# Grafikkarten Frage!Optimale Einstellungen!



## bloodym3n (24. März 2008)

Hi an alle!!

Erstmal viel Respekt für die schoene uebersichtliche Seite ,wo man echt viele Informationen in verschiedenen Bereichen finden kann. 

*Nun zu meiner Frage*

Es geht darum das ich gerne mal durch eure Erfahrung wissen möchte ,wie ich am besten meine Grafikkarte gut einstellen kann ,um meine Spiel auch immer halb wegs gut fluessig spielen zu koennen?

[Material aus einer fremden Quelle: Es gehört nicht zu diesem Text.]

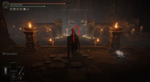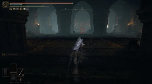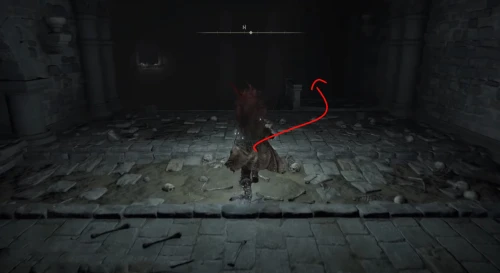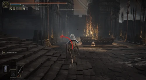 Двигайтесь в северо-западном направлении, пока не упретесь в стену, а затем сверните вправо. Дойдя до двери, поверните налево. Оказавшись в просторном помещении с чашей огня, спрыгните через дыру на нижний уровень здания.
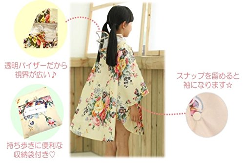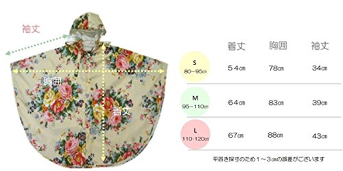 Amore mare(アモーレマーレ)ベビー キッズ 子供用 花柄 レインコート ポンチョ リュック対応 透明バイザー 付き n003 (M 95-110)
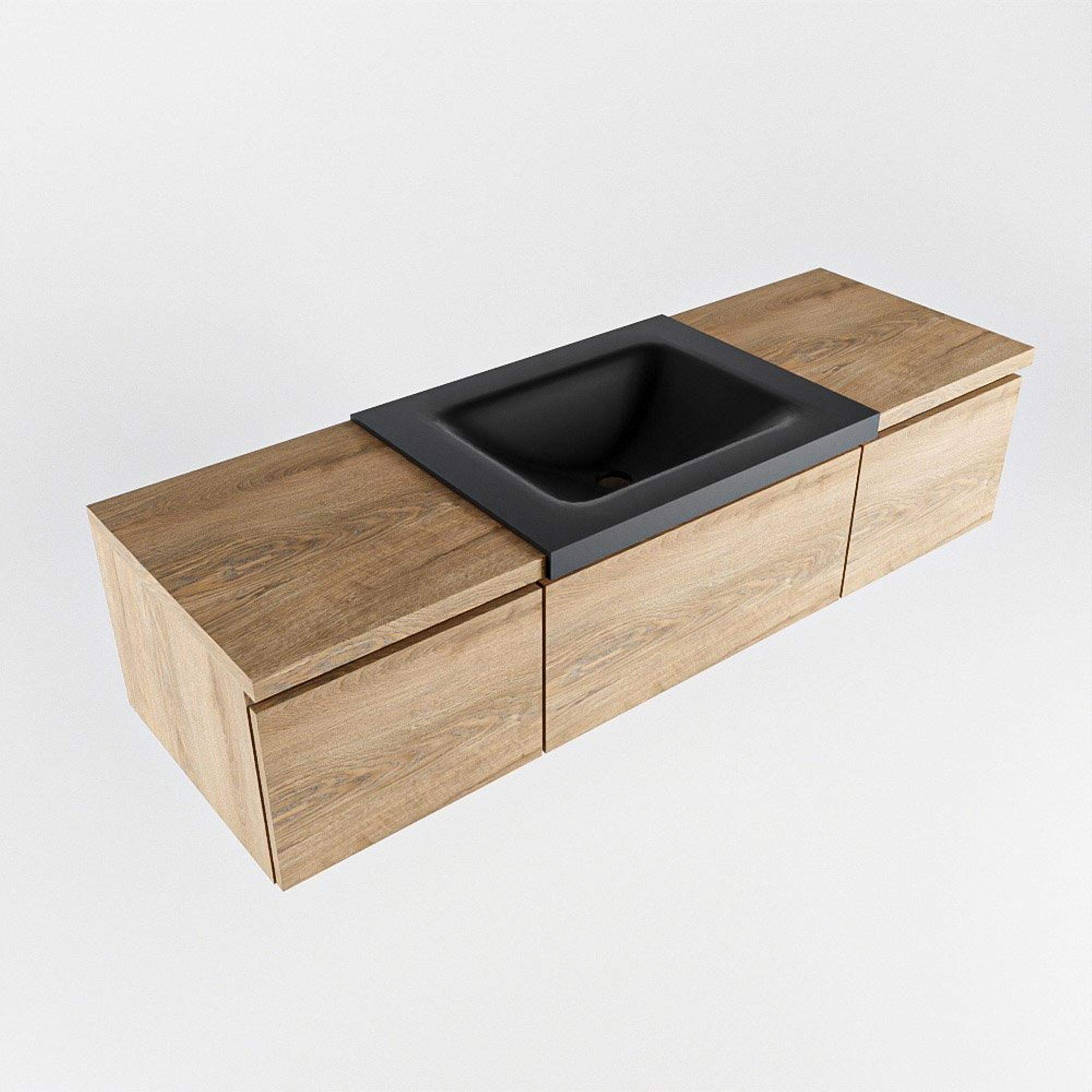 MONDIAZ BUKLA meuble de salle de bains 140 cm avec module 40 couleur Washed Oak avec 3 tiroirs. Lavabo CLOUD central 0 trous de robinet couleur Urban.
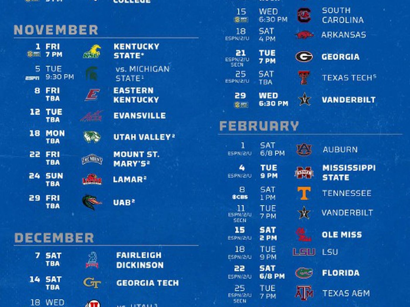 kentucky wildcats printable basketball schedule
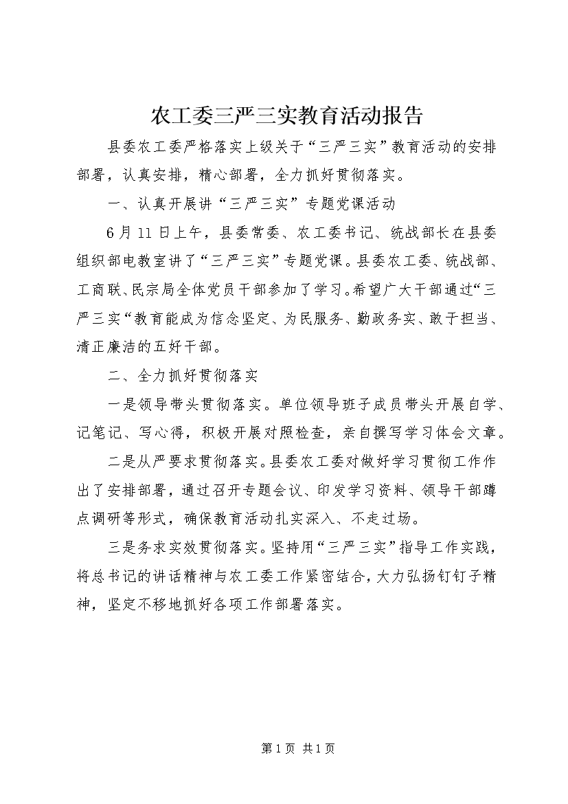 农工委三严三实教育活动报告
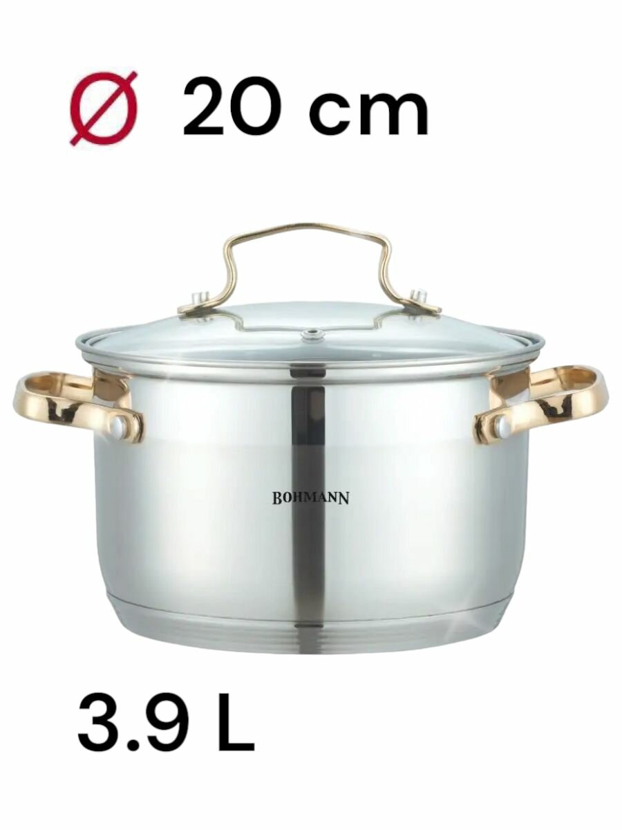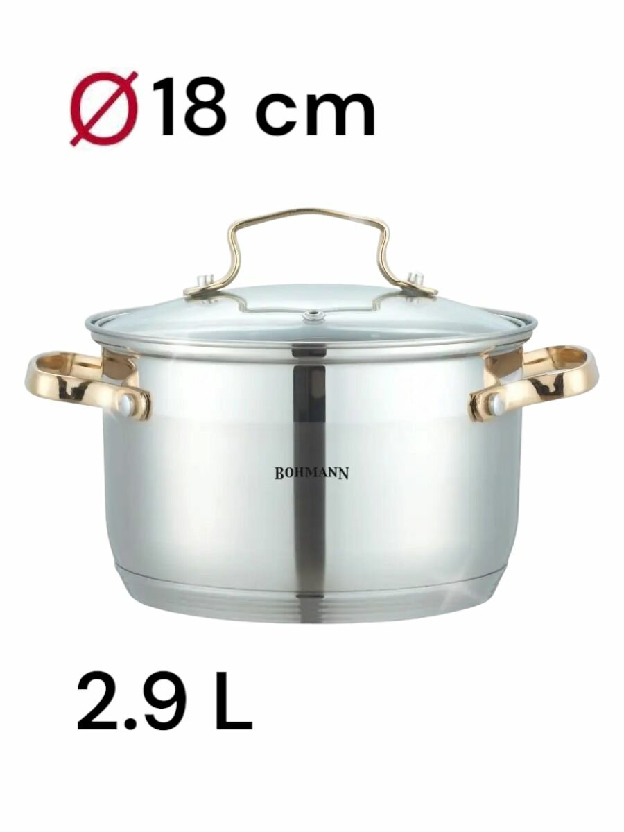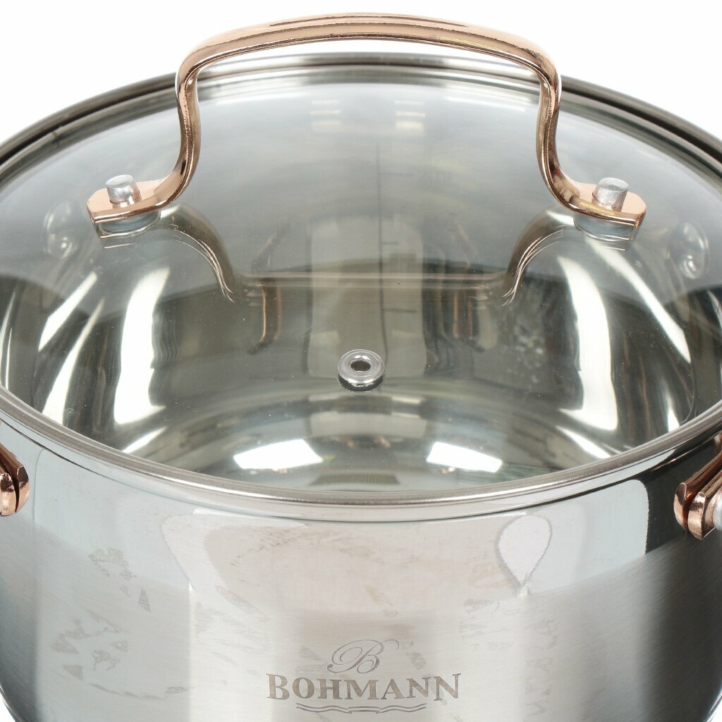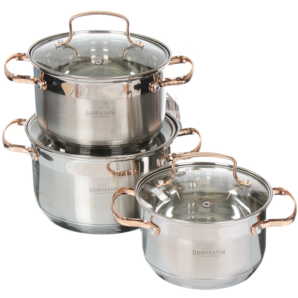 BOHMANN BH 1903, Набор кастрюль 6 предметов (объём: 2.1л; 2,9л; 3,9л; стеклянные крышки)

*Was ich eigentlich nur Spiele ist Fifa 2008 auf dem PC zurzeit!*

Hier einige Informationen

-Betriebssystem :Windows XP  Professionel Service Pack 2 
-Prozessor : AMD Athlon (tm) 64 Prozessor 3200+++ 2,20 GHz
-Grafikkarte: NVIDIA Ge-Force 6800 
-Netzteil: 400 Watt 
-Arbeitsspeicher: 1GB
-Festplatte WD800

Habt ihr auch die NVIDIA Ge-Force 6800 und wie habt ihr eure Einstellungen gemacht,besser gesagt wie kann ich meine am besten testen ,ohne vielleicht ein 
3D Mark Test zu machen?

Es geht mir darum das sie optimal eingestellt sind !Ich habe schon viele probiert ,aber
ich habe nie die richtigen Einstellungen gefunden,um alles super zum laufen zu bringen.

Sollte ich das Thema vielleicht falsch gesetzt haben,so bitte ich ihn zu verschieben danke.

Ist meiner Erster Beitrag hier.

Vielen Dank fuer eure Antworten.







-


----------



## chmee (24. März 2008)

Die 6800 ist schon "recht" betagt, und auch die CPU ist nicht mehr die Neueste. Ich würde an Deiner Stelle doch mal einen Grafik-Benchmark rüberlaufen lassen, damit Du Vergleichswerte zu anderen Systemen hast.

Manchmal kann man einfach nicht mehr rausholen. Aber ich würde die Auflösung nicht zu hoch setzen ( max. 1024x768 ) und auch Antialiasing ausschalten, das halbiert die fps-Rate bei schwachen Rechnern.

Wenn Du einige Benchmarks hast laufen lassen, stell sie doch mal zum Vergleich hier rein.

mfg chmee


----------



## bloodym3n (24. März 2008)

Ok vielen Dank erstmal fuer die tolle schnelle Antwort.

Ich musste das hier nur mal fragen einige meiner Fifaonlinekollegen habe einen noch schlechteren PC ,meiner geht ja da noch einige massen.

Hast du denn eine gute Benchmark Version, die auch super funktioniert (vielleicht den link).

Danke dir vorerst!


----------



## chmee (25. März 2008)

Nimm zB 3DMark03 oder 3DMark05. http://www.futuremark.com/download/

Wenn Du net2.0 installiert hast, kannst Du es mal auch mit dem Benchmarker aus meiner Signatur versuchen, da sind einige Werte HIER zu sehen und dieser ist rein CPU-lastig.. Logischerweise solltest Du wenige andere Programme gleichzeitig am Laufen haben, solche Antiviren-Komplettpakete wie Norton verbieten sich von selbst.

mfg chmee


----------



## bloodym3n (25. März 2008)

Vielen Dank erstmal an dich !


----------